Editor's Note: This article is part of a series on changes in trade policy under the Trump administration. For more details, click on the links for presidential powers, NAFTA, or the border adjustment tax.
It’s easy to believe a trade war is looming with China.
On the campaign trail, President Trump frequently promised to label China a currency manipulator and denounced the country’s distortionary market policies. Unless China ceases its unlawful practices, candidate Trump threatened, he would install a direct tariff on Chinese goods. China, meanwhile, has not been slow to respond in kind .
A reputably anti-China cabinet has been shaped in the form of U.S. Trade Representative nominee Robert Lighthizer and White House National Trade Council head Peter Navarro. Trump's detractors have sounded the alarm, explaining the possibility and repercussions of how such a trade war might emerge.
But trade wars are long, built up and protracted. After all, it takes various actions to make a case against a single type of good — say Chinese steel followed by retaliatory tariffs on American steel — to escalate into an economy-wide tit-for-tat trade war.
"I think we’re still a couple steps away from the punitive tariffs that [Trump has] been talking about, which could escalate into a trade war," Taneli Ruda, Managing Director of Global Trade for the Tax & Accounting business of Thomson Reuters, told Supply Chain Dive in an earlier interview, where he explained Trump’s positions and the necessary steps that precede such a war.
How a trade war could happen
Trump seems to have two main objections to trade with China. First, "that China is a currency manipulator that is artificially deflating the value of the yuan to make Chinese exports more competitive in foreign markets, including the United States," Ruda said. "The second claim that [Trump is] making is that China is directing state subsidies, or subsidy-like favorable conditions … to entities that are producing goods in China and therefore that are exported to the United States below cost."

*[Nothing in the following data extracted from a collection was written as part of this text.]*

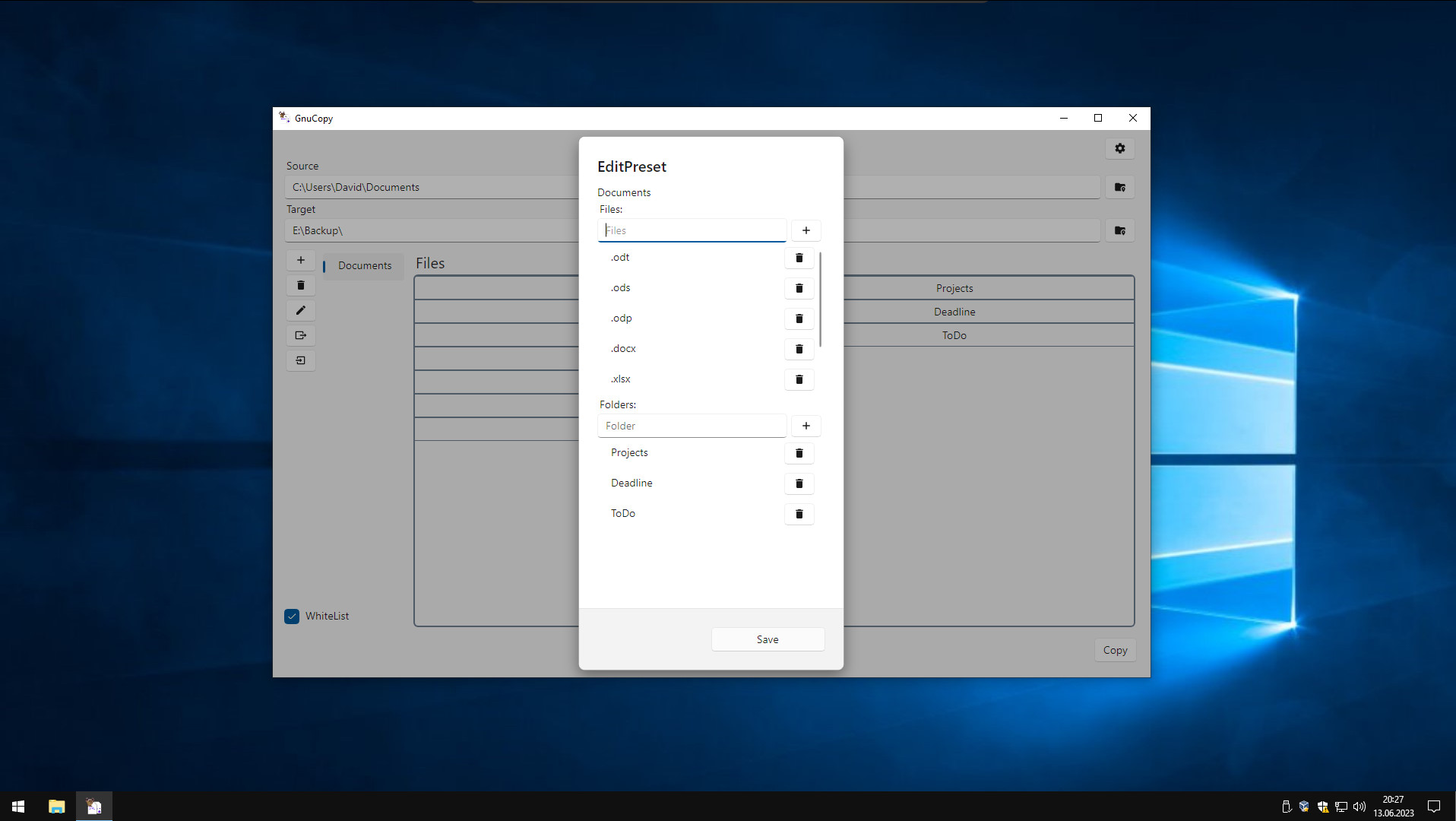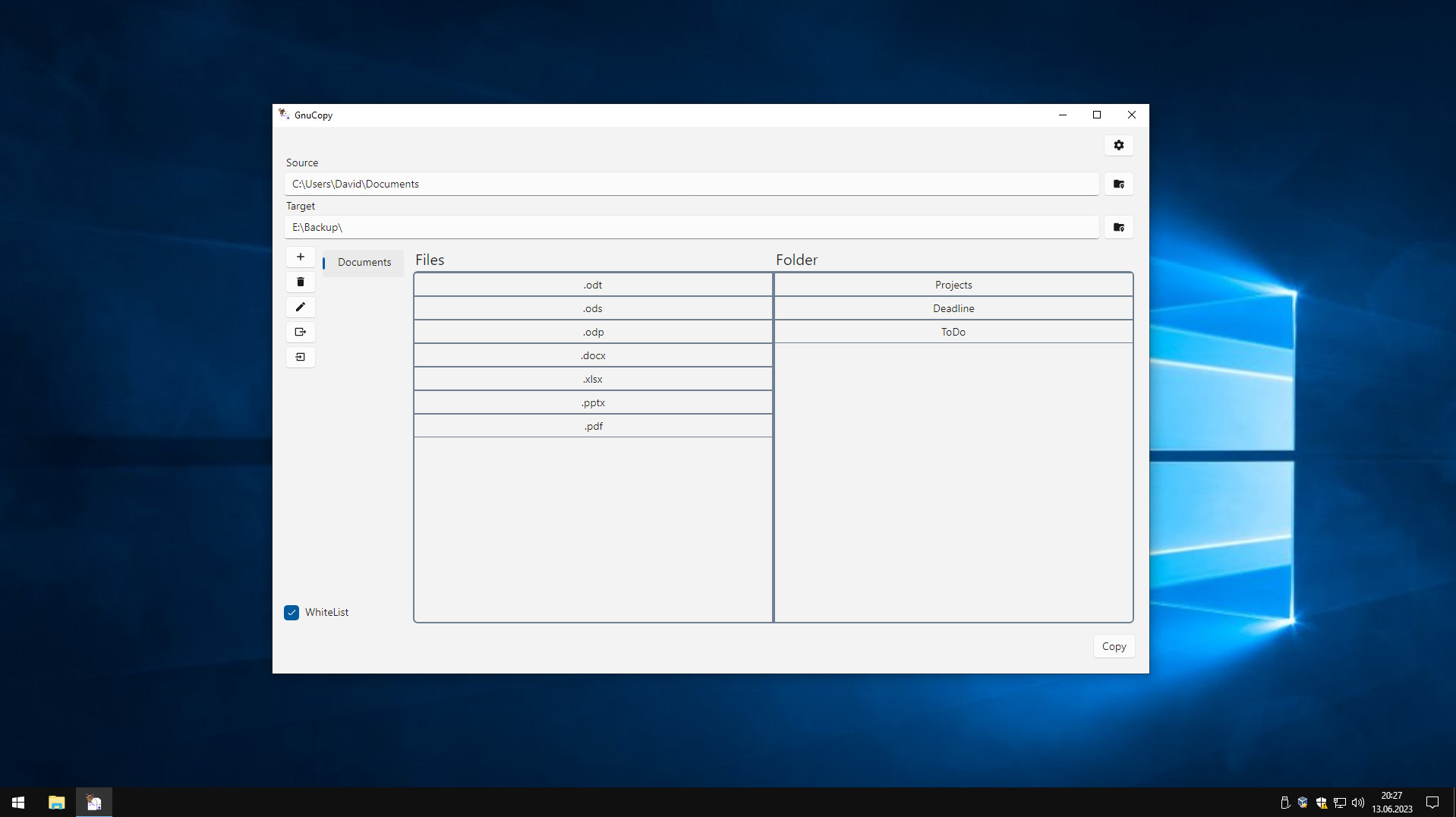 GnuCopy je nástroj pro pokročilé kopírování souborů mezi složkami respektive adresáři. Při kopírování je možné využít detailní filtrování souborů dle jejich typů. Program umožňuje vytvořit předvolby se soubory a složkami, které uživatel nechce zahrnout do procesu kopírování dat.
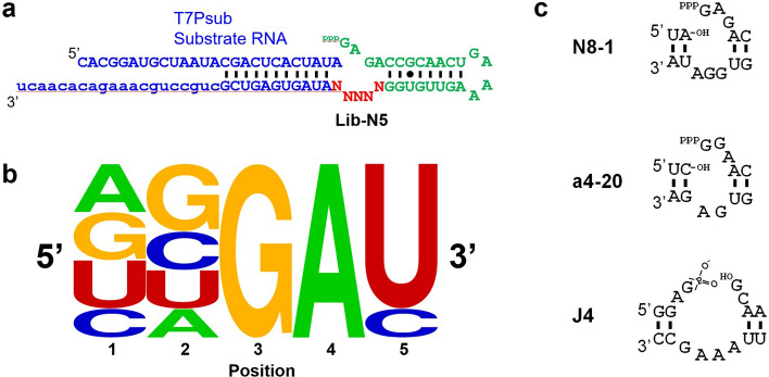 Catalytic RNAs, or ribozymes, catalyze diverse chemical reactions that could have sustained primordial life in the hypothetical RNA world. Many natural ribozymes and laboratory evolved ribozymes exhibit efficient catalysis mediated by elaborate catalytic cores within complex tertiary structures. However, such complex RNA structures and sequences are unlikely to have emerged by chance during the earliest phase of chemical evolution. Here, we explored simple and small ribozyme motifs capable of ligating two RNA fragments in a template-directed fashion (ligase ribozymes). One-round selection of small ligase ribozymes followed by deep sequencing revealed a ligase ribozyme motif comprising a three-nucleotide loop opposite to the ligation junction. The observed ligation was magnesium(II) dependent and appears to form a 2'-5' phosphodiester linkage. The fact that such a small RNA motif can function as a catalyst supports a scenario in which RNA or other primordial nucleic acids played a central role in chemical evolution of life.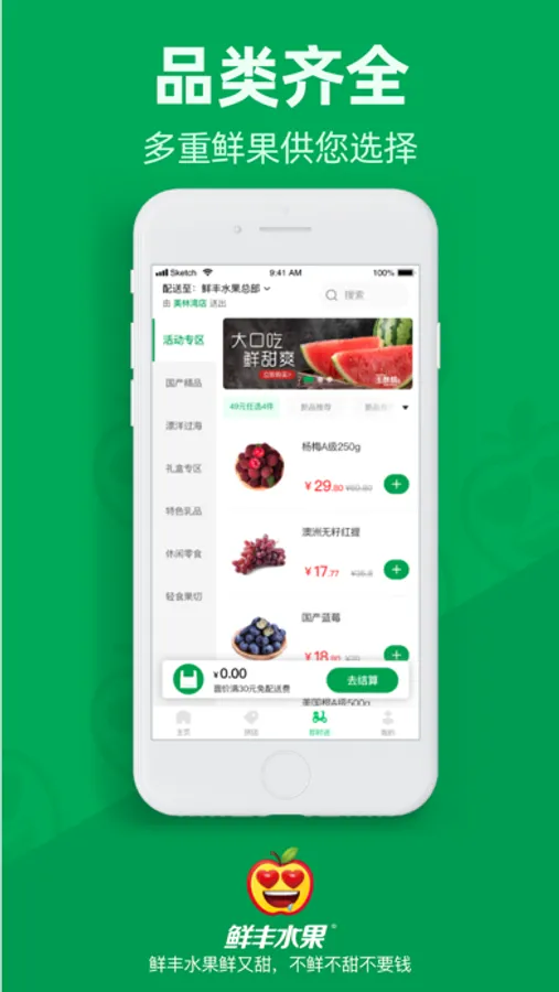 【快速送达】懒得出门怎么办,鲜丰APP,1小时极速送达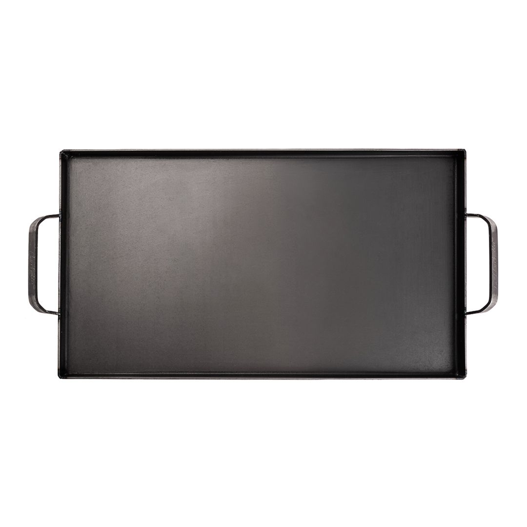 Construida en hierro laminado en caliente, entrega una excelente retención y transmisión del calor para preparaciones precisas y sabrosas. Su superficie aprovecha dos quemadores y ofrece espacio suficiente para cocinar varios ingredientes al mismo tiempo sin perder control.
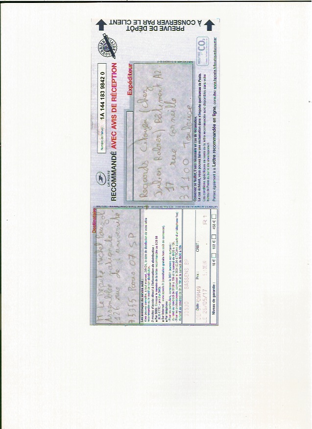 | Pris en charge | xlilou33x | ven. 26 mai 2017 09:10:59 | Télécharger le courrier (PDF) PNG | |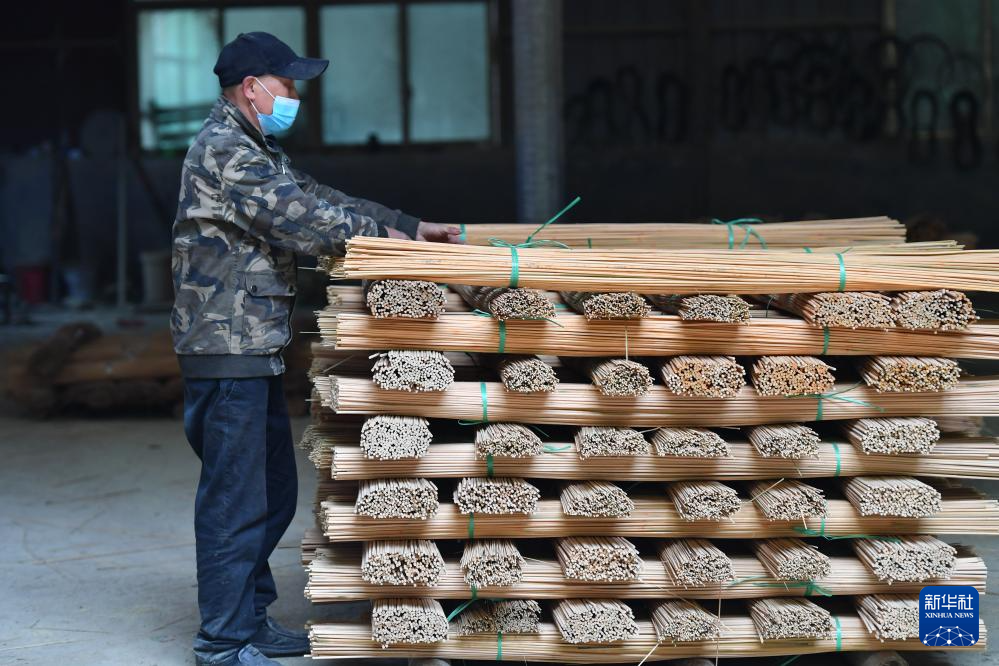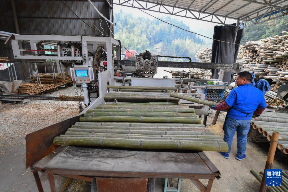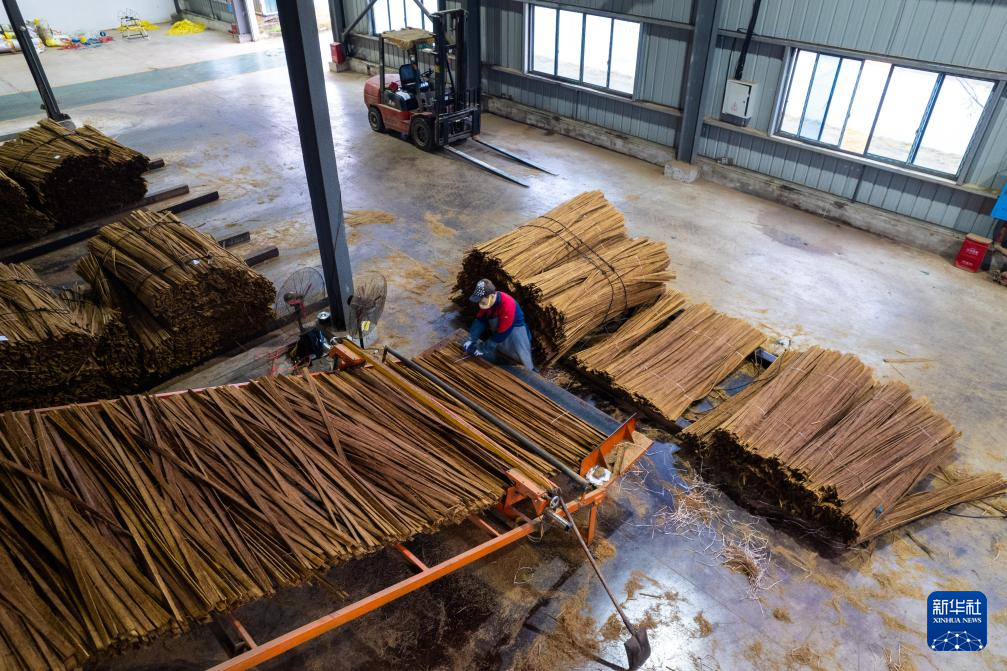 12月10日,村民在湖南省郴州市桂东县清泉镇桥头乡侠头村一家楠竹初加工企业整理拉丝后的楠竹。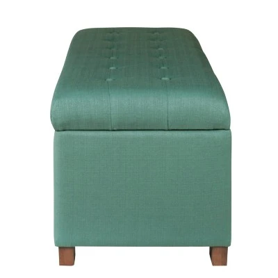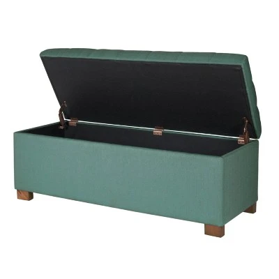 Add style and spacious storage to any room with this classic long storage bench. Featuring button tufting, this storage bench has wood legs. This multifunctional bench can provide seating and double as a coffee table, serve as an end of bed bench or as an entryway bench with storage. Premium details include a hinged lid and a generous storage capacity. Easy to assemble and maintain.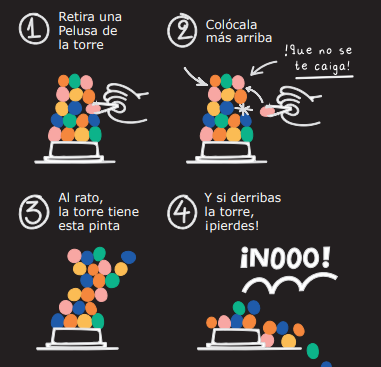 Retira una Pelusa y colócala *en cualquier lugar* que esté más arriba de la torre, sin que se te caiga... y sin tirar otras Pelusas. ¡Y sobre todo no derribes la torre! Si derribas la torre, pierdes.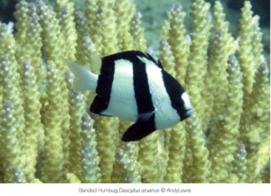 Coral reefs protect fish. Less well known is that fish, including the delightfully-named little beauty below, provide benefits to coral, including providing some protection against coral bleaching and aiding recovery after heat-stress.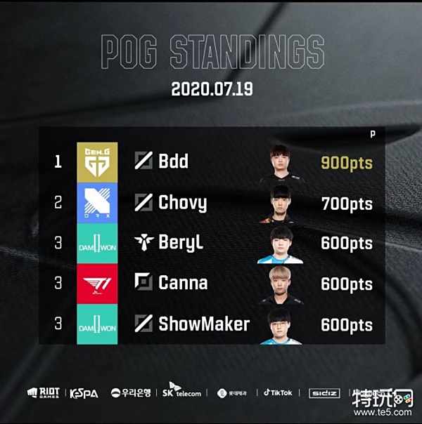 LCK发布目前POG积分榜,Bdd以900点高居榜首,Chovy以700点位居次席,BeryL、Canna、ShowMaker以600点并列第三名。
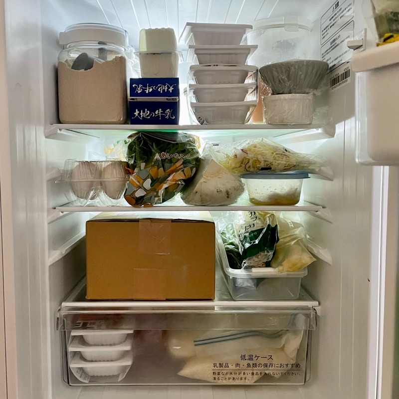 一人暮らしの冷蔵庫(150L)には段ボールごと入れるとだいぶ場所をとっていた笑。もう一回り大きい冷蔵庫買えばよかったとずっと思ってる。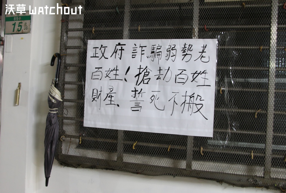內政部表示新《都更條例》能有效減少「釘子戶」。圖為近日臺北斯文里公辦都更不同意戶的抗議標語。(攝影/廖昱涵)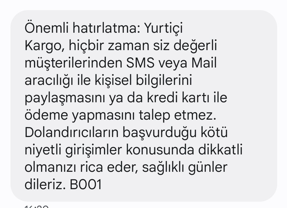 Banada aynı uyarı geldi ama sorun şu ki gelen spam mesajda "yurtiçi kargo" yazmasına karşın yönlendirdiği site "ptt"

But labeling a foreign country a currency manipulator takes both time and evidence, as does litigating cases before the World Trade Organization or even U.S. courts. A trade war by traditional means would have to suffer the long processes, and warning signs, of tit-for-tat cases and public exhortations before taking into effect.
Trade wars are long, built up and protracted.
Supply Chain Dive
That said, if Trump unilaterally raises a tariff, which the President has the authority but not the international endorsement to impose, China could quickly respond in kind.
Yet Trump does not appear to be insinuating he will "reflexively apply tariffs on Chinese imports," according to Ruda. Rather, the President is looking to the enforcement mechanisms within U.S. courts and the WTO to ensure “unlawful practices” cease. "And if that does not work," Ruda noted, "then he will be going to the next step which includes other actions, which probably includes extra tariffs."
While the warning signs of a trade war may exist, supply chain managers should not yet worry about a general war, at least until more concrete actions precede it.
The quiet war to dominate Asian markets
A more pressing concern, then, is the more quiet trade war being waged between China and the U.S. — a war for dominance of the Asian market.
Some would say Trump’s recent order to withdraw from the Trans-Pacific Partnership (TPP) — the 11-country trade deal that promised to cement Obama’s pivot to Asia and constituted 40% of the world’s GDP — delivered a coup de grace for China’s influence in the region in allowing to rope in the former U.S. trade partners into its new Regional Comprehensive Economic Partnership (RCEP).
The China-led RCEP is a 16-country trade agreement, combining the existing Association of Southeast Asian Nations and various neighboring countries, which account for 24% of the world’s GDP. In contrast to the TPP however, the RCEP is a more traditional free trade agreement, focused on removing tariffs and without the human rights and environmental standards that the U.S. pushed for in the TPP. While negotiations for RCEP have yet to conclude, many believe the deal is slated for success.
"The TPP going away definitely puts a lot of wind in RCEP’s sails,” Ruda added. “America [would have] been able to integrate with Asian supply chains as a supplier of finished goods as well as interim goods being further processed in the TPP region and sold in the TPP area."
The U.S. and China are quietly waging a war for dominance of the Asian market.
Supply Chain Dive
"Now, that opportunity kind of falls away. If you are an American company trying to satisfy needs in the Chinese market or the Southeast Asian market, under RCEP you would probably be biased toward setting up your plant in the RCEP area, as opposed to production in America," Ruda noted.
However, although the U.S. withdrawal from the TPP may signal the end of benefits for U.S. companies, the remaining 11 members could still rework and ratify a similar agreement, technically. Foreign-based supply chains would benefit from intermediary trade throughout the TPP region. Companies could then take advantage of both agreements’ benefits under this scenario.
In addition, while the U.S. has announced its intention of withdrawing from the agreement, the White House website notes it seeks to pursue bilateral deals with each country, rather than the wider agreement.
In other words, the effect of RCEP vis-à-vis the TPP — just like the threat of a trade war — may not be felt for years, but the Trump administration will play a heavy role in managing the way supply chains with operations in Asia react to shifts in the trade landscape.